I didn’t really understand what that meant, so I asked for more context. David shared an analogy about the influence hoarded by larger accounts and online entities that really hit home for me:
I use this analogy of the high school cafeteria … When the really cool, really popular kid in the school wears this avant-garde shirt from a band that they discovered from a friend of a friend, but the band is something like, I wanna say LCD Soundsystem, my favorite band.
But then you have this skater punk or this indie kid who’s been wearing that same LCD Soundsystem shirt for the last two years every other day. But everybody’s like, “Oh yeah. Now you’re copying the cool kid.” And this kid’s like, “No, this is the shirt I’ve been wearing for the last two years.”
But everybody’s like, “No, no, no, the cool person’s wearing it. So you’re following them.” And that’s the kind of power struggle I think of.
This dynamic is playing out in real time with fast-fashion brands like Shein and ASOS, who are often accused of stealing designs from small, independent designers. But it also plays out in more subtle ways.

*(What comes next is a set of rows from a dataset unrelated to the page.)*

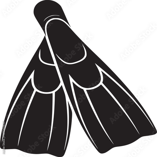 A pair of black and white swim fins or flippers overlapping on a white background in simple style
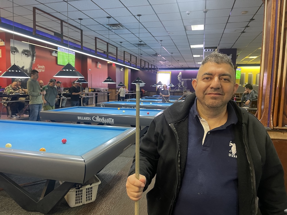 Silas González en el billar de La Roosevelt y calle 78 en Jackson Heights. Foto Javier Castaño
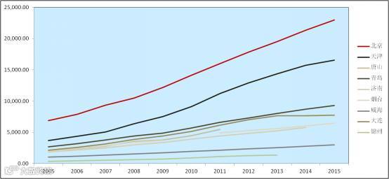 图2:北京作为“核心城市”与周边七个城市近十年生产总值比较(单位:亿元)
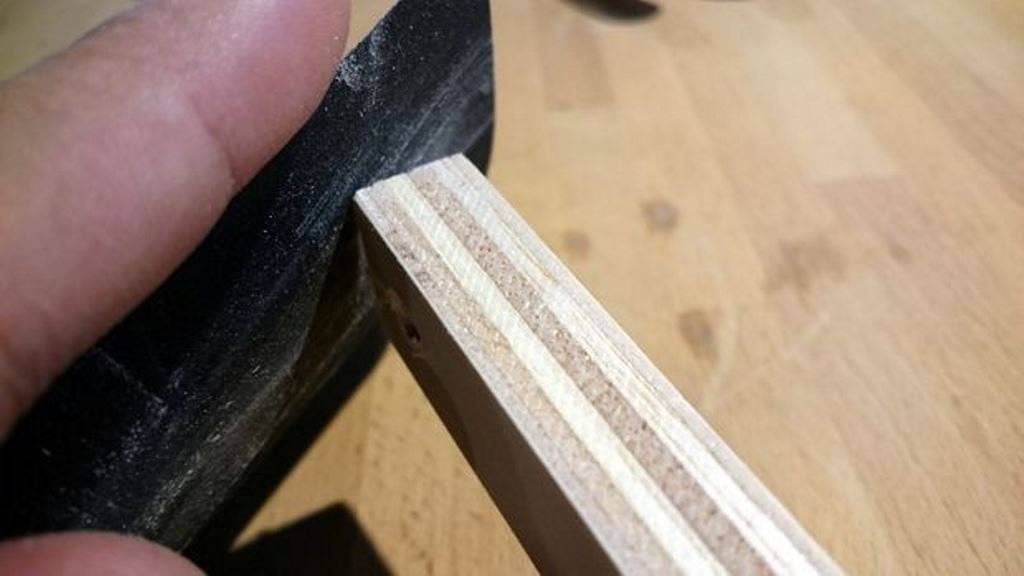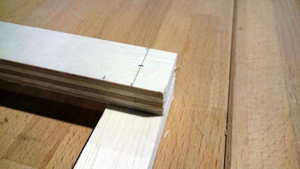 Лобзиком делают пропилы глубиной 1 см и шириной, соответствующей толщине фанерных стоек.
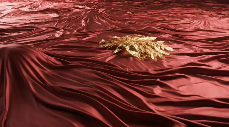 Бескрайнее море из движущейся красной шелковой ткани. Сюрреалистичные складки ткани имитируют океанские волны. Золотая маска с перьями медленно качается на поверхности. Глубокие тени, кинематографично.
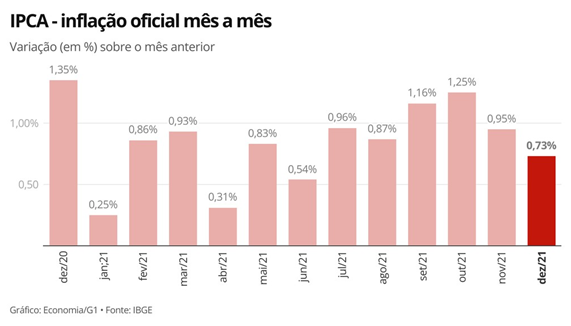 O IPCA de 0,73% em dezembro ficou acima do esperado. A mediana das projeções de 35 instituições financeiras e consultorias ouvidas pelo Valor Data era de um avanço de 0,65%.
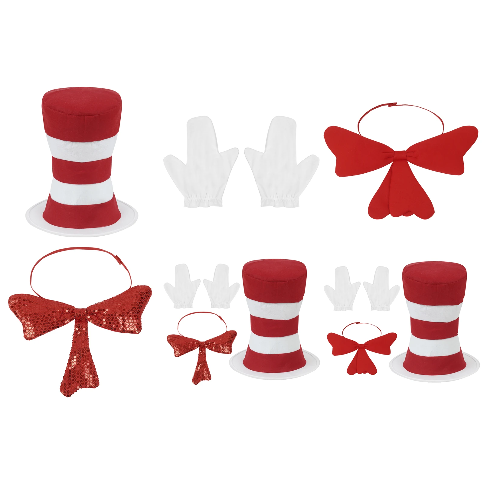 Dr Cosplay Costume Accessory Party Hat Short Gloves Sequins Bowknot Kit Cat in Hat Costumes for Adults Kids Halloween Christmas
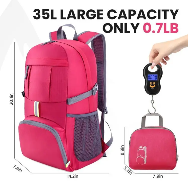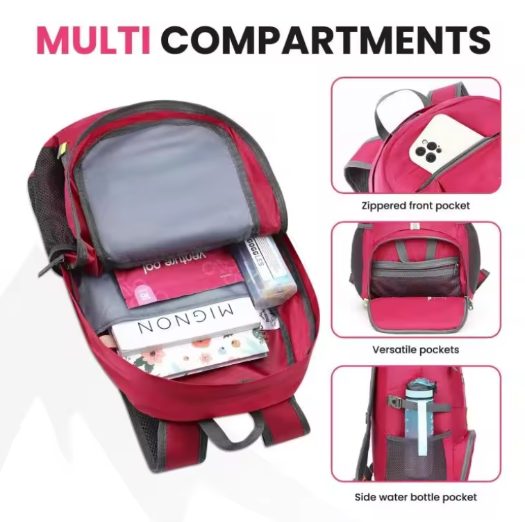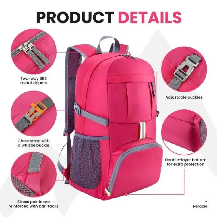 This lightweight hiking day pack is made of water-resistant material and has a zipper. Effectively prevent rainwater from wetting the phone, cash, and other items in the backpack. Tear-resistant nylon will effectively prevent branches and stones from scratching the pack, and keys and other products can also be safely placed inside. All stitches are strengthened for long-term use. This backpack features one main zipped compartment, two zipped front pockets, and two side pockets. The main compartment provides enough room, no matter if it's a day trip or a week-long journey. The two front pockets are good for holding small accessories and for easy access. Two side pockets are good for holding water bottles and umbrellas.
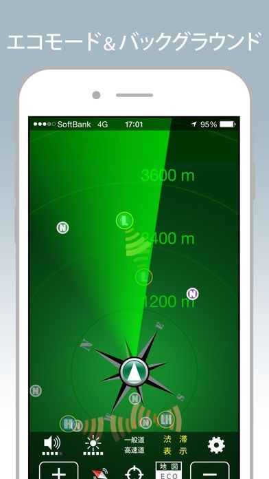 運転中は常に起動している本アプリでは、iPhoneのバッテリーを過剰に消費してしまうことがないようにエコモードが用意されています。また、アプリを起動していなくてもオービスの検索が行っています。
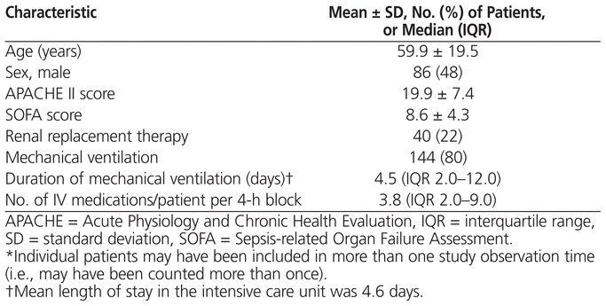 A total of 180 patients, with demographic characteristics as described in Table 2, were present in the medicosurgical ICU during the 4-h time blocks of the 40 observation shifts. A single patient could be included more than once if he or she was admitted to the ICU during consecutive data-collection shifts or was readmitted to the ICU. A total of 1882 IV infusions were administered during the 4-h time blocks of the 40 randomly selected shifts. The maximum number of errors that could have resulted from these 1882 infusions was 39 522.
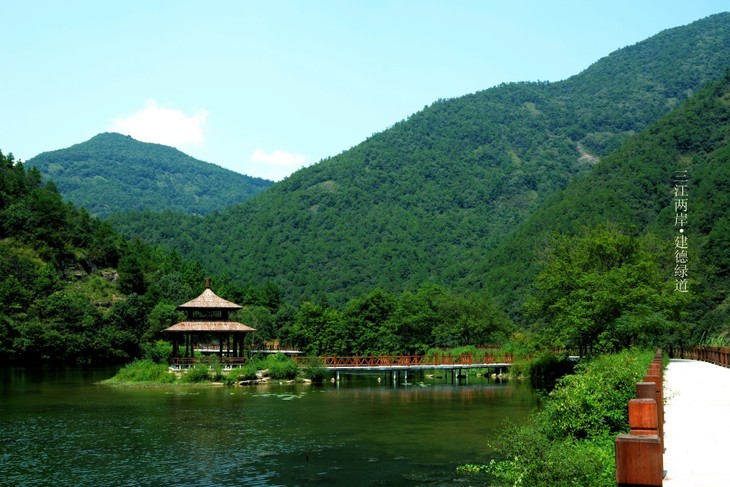 建德绿道东起乾潭镇,西至梅城严东关。沿胥溪与富春江江岸设计,全程约18公里。沿途设溪西畈、子胥渡、富家坞、乌石滩、姚坞、严东关等驿站,并设有电瓶车、自行车服务站等配套设施。该绿道地处建德七里扬帆景区核心区域,空气清新、环境优美、植被茂密,被誉为“浙江最美绿道”。散步、慢跑、骑行,闲散的心情、健康的活力、远足的豪情都将在这里完美交融。

Recently, I wrote an article for Standart (which is available now) about The Hipster Barista, a meme that circulated the internet in 2011 featuring a cisgender white man with tattoos and a beard as a Very Serious Barista.
The internet had a field day with it, but the proliferation of this meme completely transformed the idea in our collective understanding of what a barista can and should look like. If you Google “barista,” pictures that look like the person in the meme still show up.
In both instances, power dynamics are at play—both overtly (Shein and ASOS are huge companies) and indirectly (the meme has become a widely understood stereotype). But those indirect engines of online power dynamics (think recommendation pages, search engines, and algorithms) need to be seriously looked at: Their invisibility makes them difficult to scrutinize, but they significantly alter how we view the world, and how stereotypes about the world are normalized.
In an excerpt from her book, Algorithms of Oppression: How Search Engines Reinforce Racism, published on Time.com, Dr. Safiya Noble (who David references in his discussion) writes that, “What we need to ask is why and how we get these stereotypes in the first place, and what the attendant consequences of racial and gender stereotyping do in terms of public harm for people who are the targets of such misrepresentation.”
I think that’s what makes David’s point about power in digital spaces really interesting. Algorithms run by huge companies are difficult to fight; how do we struggle to take back our own slice of the internet and craft it to address issues of inequity and discrimination?
Truthfully, David acknowledges that issues of online ownership don’t have any clear answers. (The cool kid who wore the LCD Soundsystem shirt two years later may choose to credit the person who wore it first, but there’s no guarantee anyone will believe them, or care. And as you extrapolate outward to huge corporations, it’s easy to hide behind a wall of silence and just litigate—or ignore—the issue.) But it does seem like there’s worth in acknowledging the power you have over your own digital footprint, and using it to promote deserving causes and preserve the dignity of others.
Photo by Eugene Golovesov on Unsplash
Really nice to sit with these short essays—I like the format! (I also like LCD Soundsystem.)
"But it does seem like there’s worth in acknowledging the power you have over your own digital footprint, and using it to promote deserving causes and preserve the dignity of others."
It's interesting: I think about how some people refer to their social media accounts as "platforms," which says a lot about power and much less about introspection; whereas thinking about your online self as one that walks and leaves things in its wake feels all the more tactile. Obvious thing to say, but it's on my mind now.